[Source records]
· · · · ·

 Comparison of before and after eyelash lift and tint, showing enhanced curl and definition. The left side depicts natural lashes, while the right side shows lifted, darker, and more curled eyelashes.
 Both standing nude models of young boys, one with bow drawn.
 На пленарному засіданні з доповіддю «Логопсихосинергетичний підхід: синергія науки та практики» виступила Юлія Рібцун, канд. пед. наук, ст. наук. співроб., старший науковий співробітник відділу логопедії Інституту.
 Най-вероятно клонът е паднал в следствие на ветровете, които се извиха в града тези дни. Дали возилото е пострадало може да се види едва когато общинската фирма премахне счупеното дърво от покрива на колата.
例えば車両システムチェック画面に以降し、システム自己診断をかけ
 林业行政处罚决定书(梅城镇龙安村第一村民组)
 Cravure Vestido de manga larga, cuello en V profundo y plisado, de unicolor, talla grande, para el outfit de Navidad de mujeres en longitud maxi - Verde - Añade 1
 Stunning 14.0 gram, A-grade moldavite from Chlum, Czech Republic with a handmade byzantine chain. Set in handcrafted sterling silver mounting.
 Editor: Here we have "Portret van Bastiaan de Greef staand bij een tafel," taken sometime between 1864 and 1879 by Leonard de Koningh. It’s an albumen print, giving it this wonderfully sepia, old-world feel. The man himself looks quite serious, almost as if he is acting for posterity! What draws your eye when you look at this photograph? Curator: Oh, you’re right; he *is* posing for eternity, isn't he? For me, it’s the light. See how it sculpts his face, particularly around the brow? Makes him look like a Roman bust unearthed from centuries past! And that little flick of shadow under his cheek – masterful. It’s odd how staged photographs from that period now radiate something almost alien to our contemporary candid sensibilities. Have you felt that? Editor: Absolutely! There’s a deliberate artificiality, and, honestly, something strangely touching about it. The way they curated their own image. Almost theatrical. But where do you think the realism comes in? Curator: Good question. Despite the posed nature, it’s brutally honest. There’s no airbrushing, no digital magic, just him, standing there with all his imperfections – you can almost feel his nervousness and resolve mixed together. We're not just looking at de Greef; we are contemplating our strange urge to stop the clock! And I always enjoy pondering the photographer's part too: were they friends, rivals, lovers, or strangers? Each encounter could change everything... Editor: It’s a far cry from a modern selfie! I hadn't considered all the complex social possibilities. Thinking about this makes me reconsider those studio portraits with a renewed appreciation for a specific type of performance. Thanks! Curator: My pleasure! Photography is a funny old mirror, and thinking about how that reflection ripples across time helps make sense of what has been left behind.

· · · · ·

• [Assigned task]: Every entry shown above is to be written out exactly.

• [Output]:
 Comparison of before and after eyelash lift and tint, showing enhanced curl and definition. The left side depicts natural lashes, while the right side shows lifted, darker, and more curled eyelashes.
 Both standing nude models of young boys, one with bow drawn.
 На пленарному засіданні з доповіддю «Логопсихосинергетичний підхід: синергія науки та практики» виступила Юлія Рібцун, канд. пед. наук, ст. наук. співроб., старший науковий співробітник відділу логопедії Інституту.
 Най-вероятно клонът е паднал в следствие на ветровете, които се извиха в града тези дни. Дали возилото е пострадало може да се види едва когато общинската фирма премахне счупеното дърво от покрива на колата.
例えば車両システムチェック画面に以降し、システム自己診断をかけ
 林业行政处罚决定书(梅城镇龙安村第一村民组)
 Cravure Vestido de manga larga, cuello en V profundo y plisado, de unicolor, talla grande, para el outfit de Navidad de mujeres en longitud maxi - Verde - Añade 1
 Stunning 14.0 gram, A-grade moldavite from Chlum, Czech Republic with a handmade byzantine chain. Set in handcrafted sterling silver mounting.
 Editor: Here we have "Portret van Bastiaan de Greef staand bij een tafel," taken sometime between 1864 and 1879 by Leonard de Koningh. It’s an albumen print, giving it this wonderfully sepia, old-world feel. The man himself looks quite serious, almost as if he is acting for posterity! What draws your eye when you look at this photograph? Curator: Oh, you’re right; he *is* posing for eternity, isn't he? For me, it’s the light. See how it sculpts his face, particularly around the brow? Makes him look like a Roman bust unearthed from centuries past! And that little flick of shadow under his cheek – masterful. It’s odd how staged photographs from that period now radiate something almost alien to our contemporary candid sensibilities. Have you felt that? Editor: Absolutely! There’s a deliberate artificiality, and, honestly, something strangely touching about it. The way they curated their own image. Almost theatrical. But where do you think the realism comes in? Curator: Good question. Despite the posed nature, it’s brutally honest. There’s no airbrushing, no digital magic, just him, standing there with all his imperfections – you can almost feel his nervousness and resolve mixed together. We're not just looking at de Greef; we are contemplating our strange urge to stop the clock! And I always enjoy pondering the photographer's part too: were they friends, rivals, lovers, or strangers? Each encounter could change everything... Editor: It’s a far cry from a modern selfie! I hadn't considered all the complex social possibilities. Thinking about this makes me reconsider those studio portraits with a renewed appreciation for a specific type of performance. Thanks! Curator: My pleasure! Photography is a funny old mirror, and thinking about how that reflection ripples across time helps make sense of what has been left behind.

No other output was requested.